一柄修長凜然的光明十字劍,一對可以貼身配在腰間的短匕,一件繪滿神聖符咒的暗銀色長袍,一套防禦法陣加持的軟甲,一個小巧的光明神母塑像……
還有一把雪銀葉豎琴,三卷熾陽法術卷軸,幾本泛黃的歷史舊書,以及各種雜七雜八的昏耀認不出的東西。
都是蘭繆爾的舊物。
七年前,魔族自人間撤軍時,昏耀曾要求聖君將他的私物一起帶走,蘭繆爾全都聽從了。
可惜唯獨魔王最心心念唸的那把金色神弓,蘭繆爾說那是佈雷特神殿的神物,並不屬於自己,因而未能帶下深淵。
珊瑚石臺的最中間,還擺著一個鐵製的匣子。
魔王伸手,掌心扣在匣子的蓋上許久,才下定決心一般將其開啟。
那把熟悉的蜜金匕首,正安靜地放著光芒,躺在紅綢上。
“……”
昏耀輕輕拿起它,有點出神。
他和蘭繆爾,橫跨了十四年的愛恨與緣分,都在這裡了。
魔王從私庫裡走出來時,已經深夜了。
他最終挑走了那把雪銀葉豎琴,至於最初看中的那把奢華長弓,魔王準備自己先淬鍊一遍再給他。
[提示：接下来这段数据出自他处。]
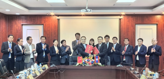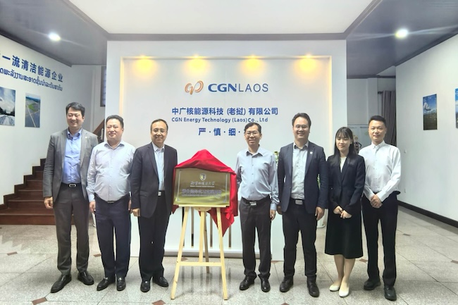 代表团还访问了中广核能源技术(老挝)公司。公司执行董事曾勇、董事吴兴华接待了代表团一行。双方就学生海外就业实习、强化人才储备、输送国际学生等事项交换了意见,共同签署《人才培养合作协议书》,并为“开云kaiyun体育学生海外实习实践基地”揭牌。
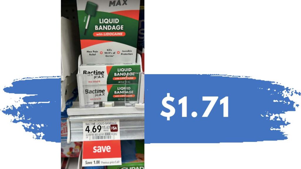 -$2.99 off Bactine MAX Liquid Bandage with Lidocaine, 0.3 oz only, limit 5, at CVS, Food Lion, Walmart, Walgreens, Publix, Ibotta mobile app
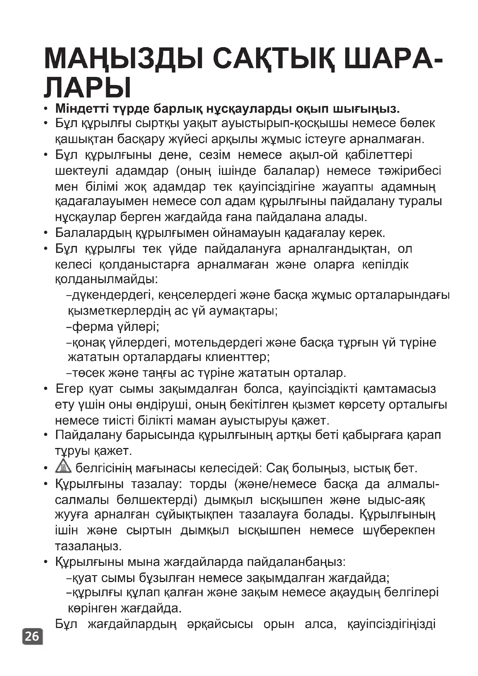 - Құрылғыны мына жағдайларда пайдаланбаңыз: – қуат сымы бұзылған немесе зақымдалған жағдайда; – құрылғы құлап қалған және зақым немесе ақаудың белгілері көрінген жағдайда. Бұл жағдайлардың әрқайсысы орын алса, қауіпсіздігіңізді27
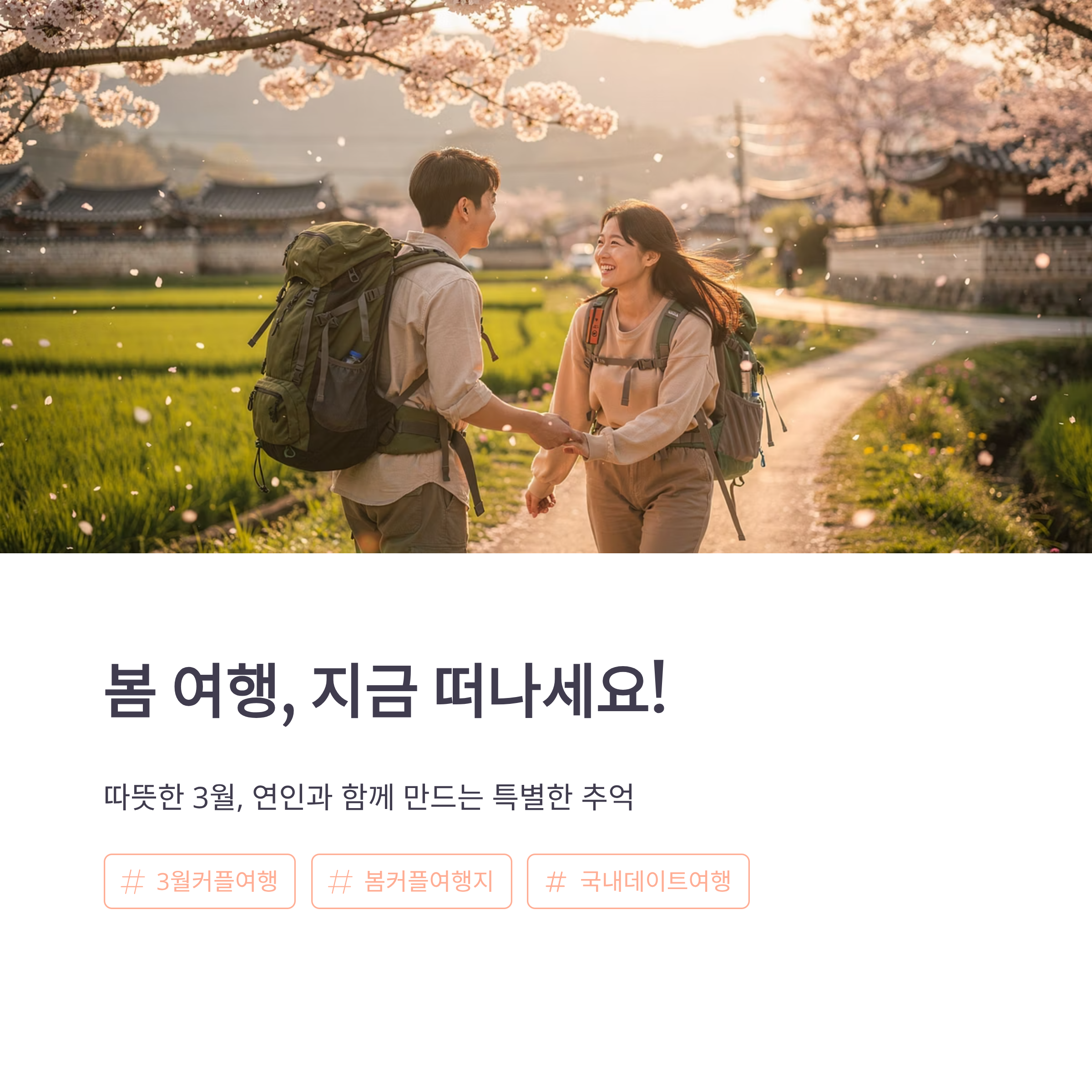 3월은 겨울의 차가움이 사라지고, 봄 특유의 부드러운 공기와 햇살이 느껴지는 시기입니다. 본격적인 벚꽃 시즌 전이라 비교적 여유롭게 여행을 즐길 수 있어 커플 여행지로 특히 인기가 많아요. 이번 글에서는 최근 SNS와 여행 커뮤니티에서 커플 데이트 코스로 많이 언급되는 봄 감성 가득한 국내 여행지 5곳을 소개합니다. 분위기, 즐길거리, 포토스팟, 맛집까지 꼼꼼히 정리했으니 3월 여행 계획에 참고해 보세요.
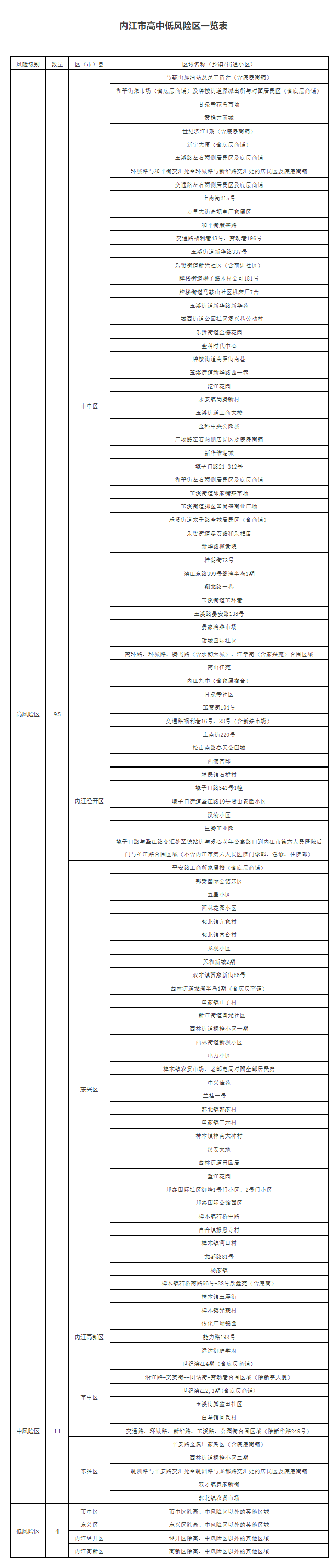 自2022年9月17日零时起,蓝滨城悦府小区(泸州市江阳区蓝田街道富民路1号)、蓝田街道农场巷71号楼及蒲草田(泸州市江阳区蓝田街道农场巷71号)的风险等级由高风险区调整为中风险区,泸州市江阳区蓝田街道东升桥社区除高、中风险区以外的其他区域的风险等级由中风险区调整为低风险区,江阳区其他区域风险等级不变。
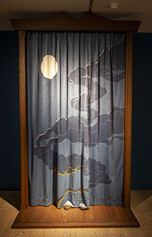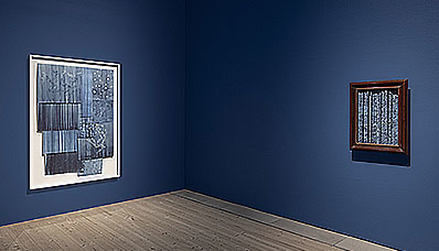 Det sceniskt dunkla fortsätter in i nästa utställning. I ett skymningsblått rum rör sig ett långsamt skuggspel, en animerad vandring i sidled. I Johan Thurfjells verk befinner man sig inte mitt i ett skådespel utan i tystnaden precis innan ridån dras åt sidan. På väggarna hänger små fördragna draperier i samma blåa ton, inglasade och inramade. Det anspända ögonblicket av tyst förväntan är här inkapslat och förvarat, hemligheten förblir förseglad och bevarad.
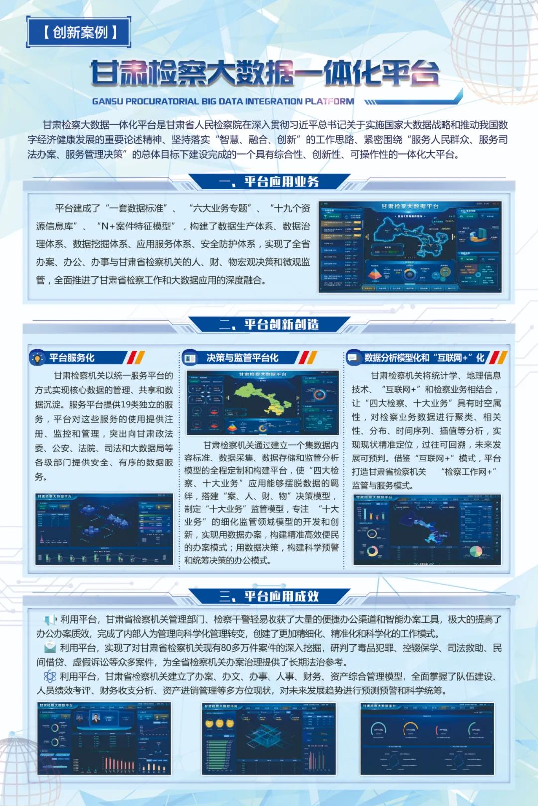 在贯彻数字检察建设和落实检察大数据战略、紧密围绕“服务人民群众、服务司法办案、服务管理决策”的总体目标下建设完成的具有综合性、创新性、便捷性的一体化大数据平台。

最後,不知懷著什麼樣的鬼心思,昏耀將蜜金匕首也帶了出來。
“……吾王?”
忽然,少女的聲音在背後響起。
昏耀轉身。只見天珀站在那裡,臉色鐵青:“您手裡的是……是什麼?”
昏耀挑眉。
當年他親手剝奪蘭繆爾的法力時,尚未被封為少王的天珀曾在旁邊看著,她認得這把匕首。
“你的語氣,像是在質問我?”魔王走了過去。
“天珀不敢,”天珀單膝跪地,虔誠地親吻昏耀垂在地上的鱗尾,“吾王,吾之鮮血與靈魂的歸處!”
可她又咬牙抬起頭:“但蘭繆爾是人類,他曾是人類的君王啊,吾王!您怎麼能——”
昏耀:“你也說了,他‘曾’是。”
昏耀:“如今的蘭繆爾,不僅不再是聖君,甚至早已不再是純種的人類。他為深淵做的,已經快要比我更多。你在怕什麼?”
“他為深淵做的……”
天珀冷笑一聲:“不錯,這些年他在王的身邊輔佐,為深淵做了許多。他甚至說要開啟迦索的結界,要讓陽光照耀深淵!”
“——可是吾王,這樣的鬼話,您敢信嗎?”
“假若結界徹底破碎,迦索的瘴氣就會瞬間流瀉至人間,屍橫遍野,寸土不生!!”
魔族少女那雙金眸銳利逼人,一如其嗓音尖利:“七年前,為了阻攔逸散的瘴氣,人類的光明神殿死了三個長老,而那時也不過是吾王借結界薄弱之際,將其撕開一個縫隙而已!”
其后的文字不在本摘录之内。